Without any of the pictures, transcribe all the lines below exactly.

:: INFORMATION SUPPLIED ::
----------
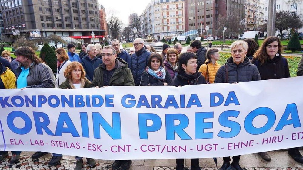 Hilero bezala, euskal sindikatuek –ELAk, LABek, UGTk, Steilasek, ESK-k, CNTk, CGTk, EHNEk, Hiruk eta Etxaldek– elkarretaratzea egin dute Espainiako Gobernuak Bilbon duen ordezkaritzaren aurrean, Konponbide garaia da. Orain presoak lelodun pankarta baten atzean, Urtebete daramate hileroko agerraldi horiekin –2019ko urtarrilean hasi ziren–. Elkarretaratzean, LABeko ordezkari Cristina Alvarezek ontzat jo du Eusko Jaurlaritzako Bake eta Bizikidetza idazkari Jonan Fernandezek egindako proposamena, euskal presoak zazpi espetxetara hurbiltzekoa.
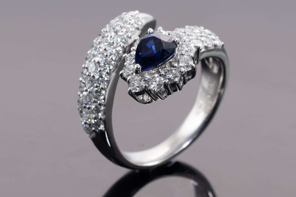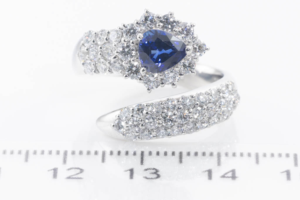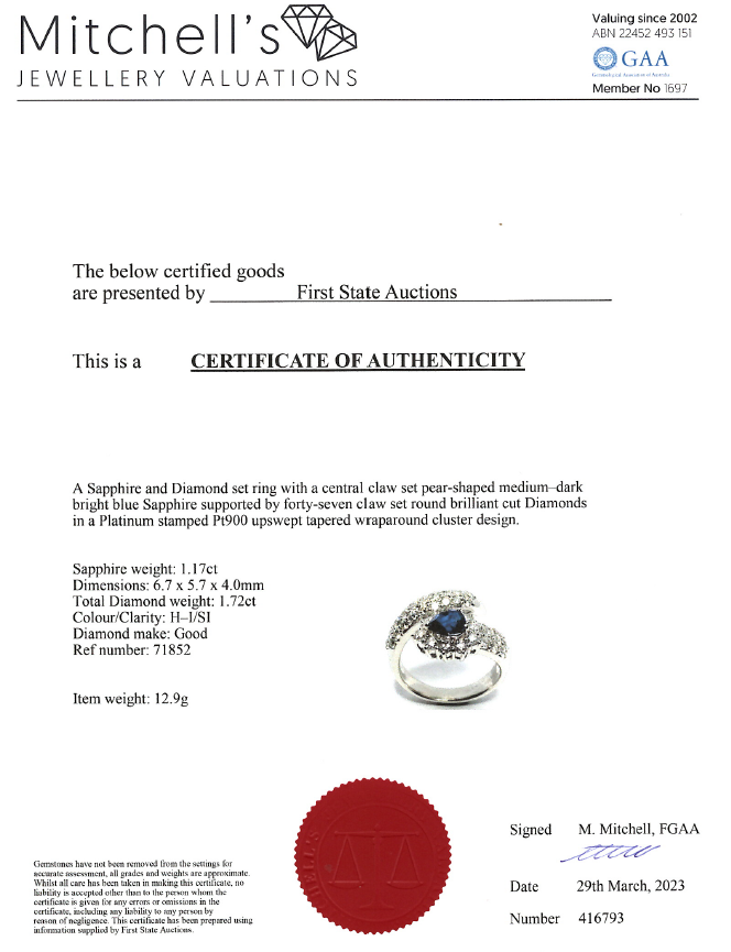 Sapphire and Diamond wrap around ring with pear shape blue Sapphire of 1.17ct and round Diamonds totalling 1.72cts (Estimated grading H-I SI). Platinum - 900. Rings size N1/2 - ring resizing is not recommended. Weight: 12.9g. With Certificate #416793. (Pre- owned)
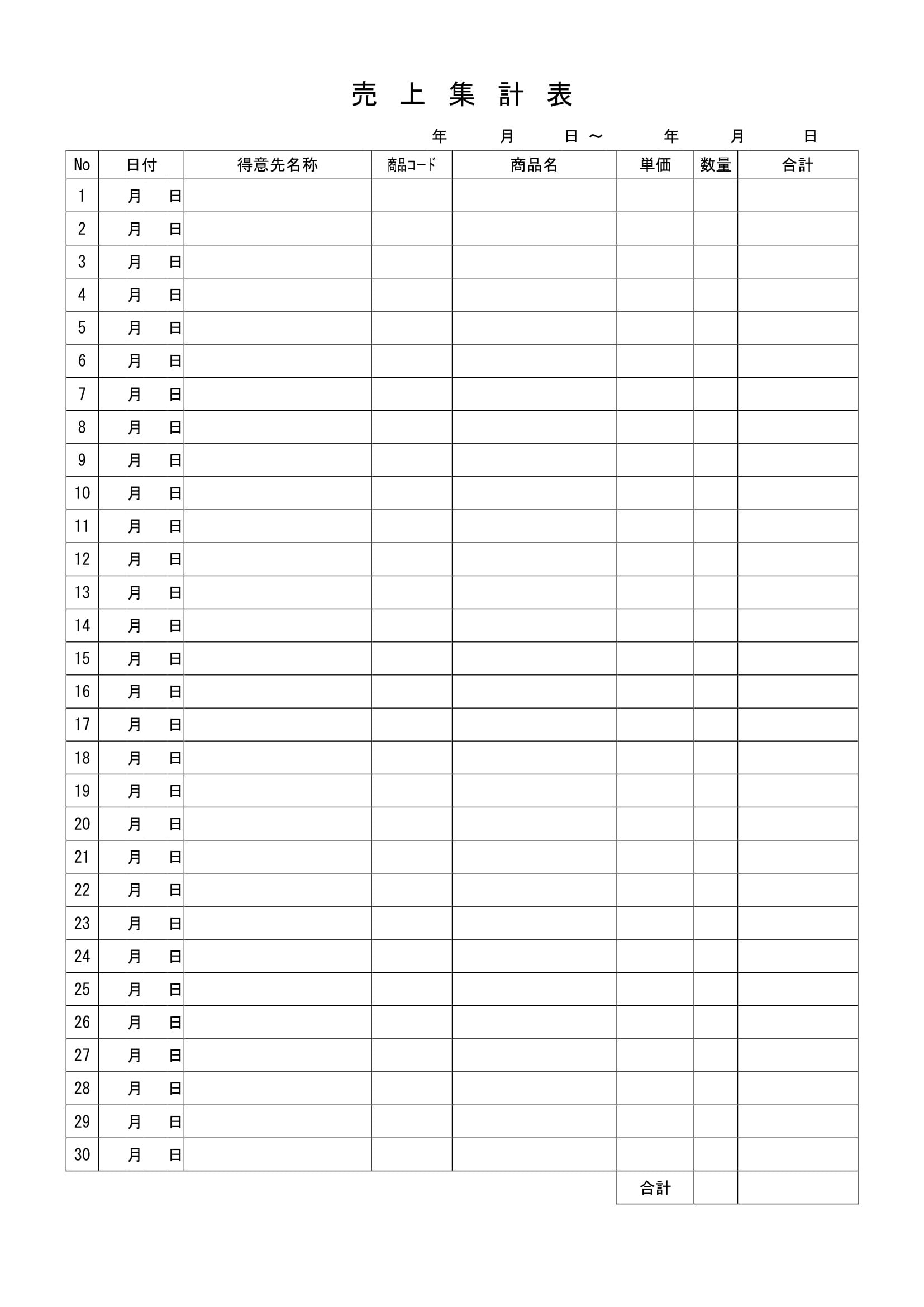 売上集計表テンプレートは見やすいシンプルなドキュメント作り方がわかりやすい:ビジネス 【 tm-00994.zip 】
----------
:: RESPONSE BELOW ::
 Hilero bezala, euskal sindikatuek –ELAk, LABek, UGTk, Steilasek, ESK-k, CNTk, CGTk, EHNEk, Hiruk eta Etxaldek– elkarretaratzea egin dute Espainiako Gobernuak Bilbon duen ordezkaritzaren aurrean, Konponbide garaia da. Orain presoak lelodun pankarta baten atzean, Urtebete daramate hileroko agerraldi horiekin –2019ko urtarrilean hasi ziren–. Elkarretaratzean, LABeko ordezkari Cristina Alvarezek ontzat jo du Eusko Jaurlaritzako Bake eta Bizikidetza idazkari Jonan Fernandezek egindako proposamena, euskal presoak zazpi espetxetara hurbiltzekoa.
 Sapphire and Diamond wrap around ring with pear shape blue Sapphire of 1.17ct and round Diamonds totalling 1.72cts (Estimated grading H-I SI). Platinum - 900. Rings size N1/2 - ring resizing is not recommended. Weight: 12.9g. With Certificate #416793. (Pre- owned)
 売上集計表テンプレートは見やすいシンプルなドキュメント作り方がわかりやすい:ビジネス 【 tm-00994.zip 】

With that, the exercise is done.